Ketika orientasi pendidikan hanya kepada membekali skill life pada peserta didik apalagi dengan proporsi SMK:SMA menjadi 70:30 maka bisa dibayangkan proporsi generasi trampil dengan generasi pemikir menjadi sangat timpang. Pendidikan di Indonesia menjadi pencetak tenaga-tenaga kerja yang “semoga saja” terampil tapi minim sekali generasi pemikir yang cerdas yang diharapkan bisa menyumbangkan buah pemikiran membawa negara ini keluar dari kebodohan. Indonesia hanya pencetak generasi dengan mental buruh. Setelah generasi-generasi terampil tersebut terjun di dunia kerja apa iya mereka berpikir tentang perubahan bangsa? Boro-boro perubahan bangsa, yang ada hanyalah bekerja, bekerja dan bekerja kejar setoran. Bagaimana dengan peningkatan kualitas diri mereka setelah mereka memasuki dunia kerja? Wahai wali murid dan para calon wali murid, di jaman globalisasi ini pemilik usaha dan lapangan pekerjaan adalah para pemilik modal besar. siapakah mereka? Bukan pak Joko atau pak Ujang, tapi para korporasi asing yang kita kenal dengan MNC (Multi Nationals Coorporation)! Indonesia adalah surganya para pengusaha mencari tenaga kerja murah. Tentunya perusahaan-perusahaan hanya mengembangkan SDM sesuai kebutuhan. Sayangnya fakta di lapangan, tenaga-tenaga kerja di Indonesia lulusan SMK paling banter hanya sampai kelas operator. Menejernya jelas orang-orang pilihan yang maaf, pasti bukan lulusan SMK.

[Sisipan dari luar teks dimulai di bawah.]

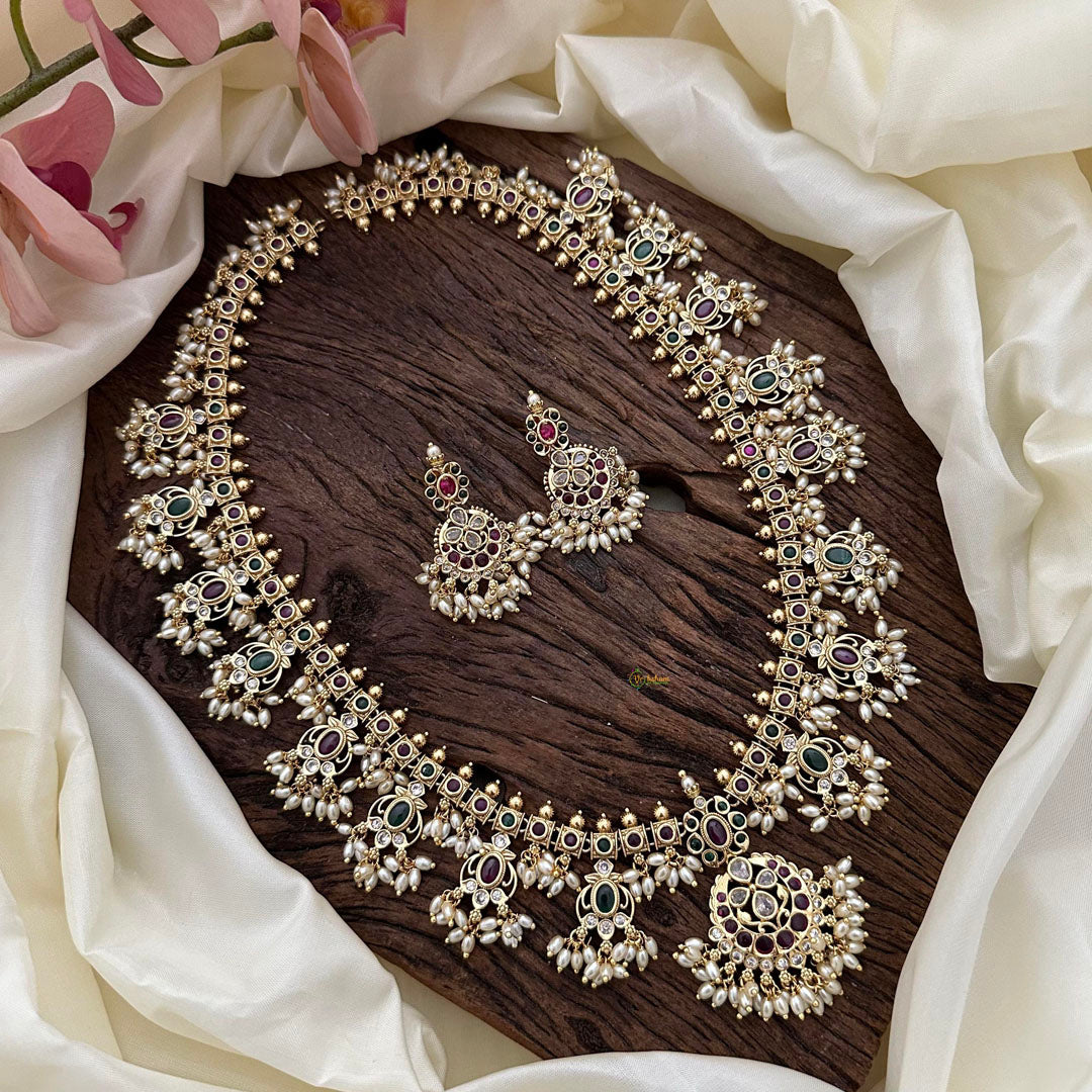 Embrace luxury with our exquisite AD Stone Long Guttapusalu-Rice Pearl necklace. Designed with intricate red, green, and white stones, this piece evokes sophistication and exclusivity. Elevate any outfit with the timeless elegance of this necklace.
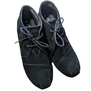Bobs leather wedges are lace-up black. Size nine, excellent pre-owned condition.
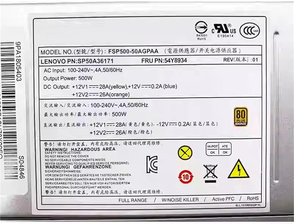 - 500W Power Supply FSP500-40AGPAA For P300 P310 P320 P410
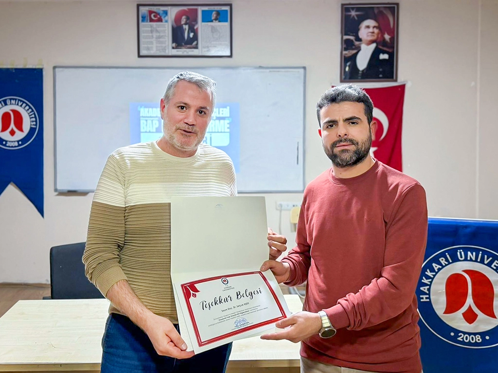 Seminer, soru-cevap bölümünün ardından, Yüksekova Meslek Yüksekokulu Müdür Yardımcısı Dr. Öğr. Üyesi Tayfun Çetin tarafından Doç. Dr. Selçuk Eşsiz’e teşekkür belgesinin takdim edilmesiyle sona erdi.

Indonesia dalah negara kaya raya. Jamrud khatulistiwa. Gemah ripah loh jinawi. Bahkan kita melempar batang kayu langsung tumbuh menjadi tanaman. Sungguh kaya negara kita. Tapi berapa anggaran pendidikan di APBN negara kita? Berapa persen? Sampai-sampai subsidi pendidikan di jenjang pendidikan tinggi dipangkas dan dialihkan ke sektor lain. Menurut data Susenas 2004, dari penduduk usia sekolah 7–24 tahun yang berjumlah 76, 0 juta orang, yang tertampung pada jenjang SD sampai dengan PT tercatat baru mencapai 41, 5 juta orang atau sebesar 55 persen. Sementara itu, menurut data Balitbang Depdiknas 2004, angka putus sekolah atau drop-out di tingkat SD/MI tercatat sebanyak 685.967 anak, yang berhasil lulus SD/MI tetapi tidak melanjutkan ke jenjang SMP/MTs dan putus sekolah di tingkat SMP/MTs sebanyak 759.054 orang. Situasi ini sangat kontras dengan nilai profit kandungan kekayaan alam yang dimiliki oleh tanah air kita, yang justru memberikan kemakmuran melimpah kepada korporasi-korporasi asing. Kemanakah kekayaan negeri kita?Pemerintah RI sejak negara kita masih belia telah terikat beberapa perjanjian yang membuat negara kita dengan suka rela menyerahkan kekayaan negara kita kepada pihak asing. Kok bisa?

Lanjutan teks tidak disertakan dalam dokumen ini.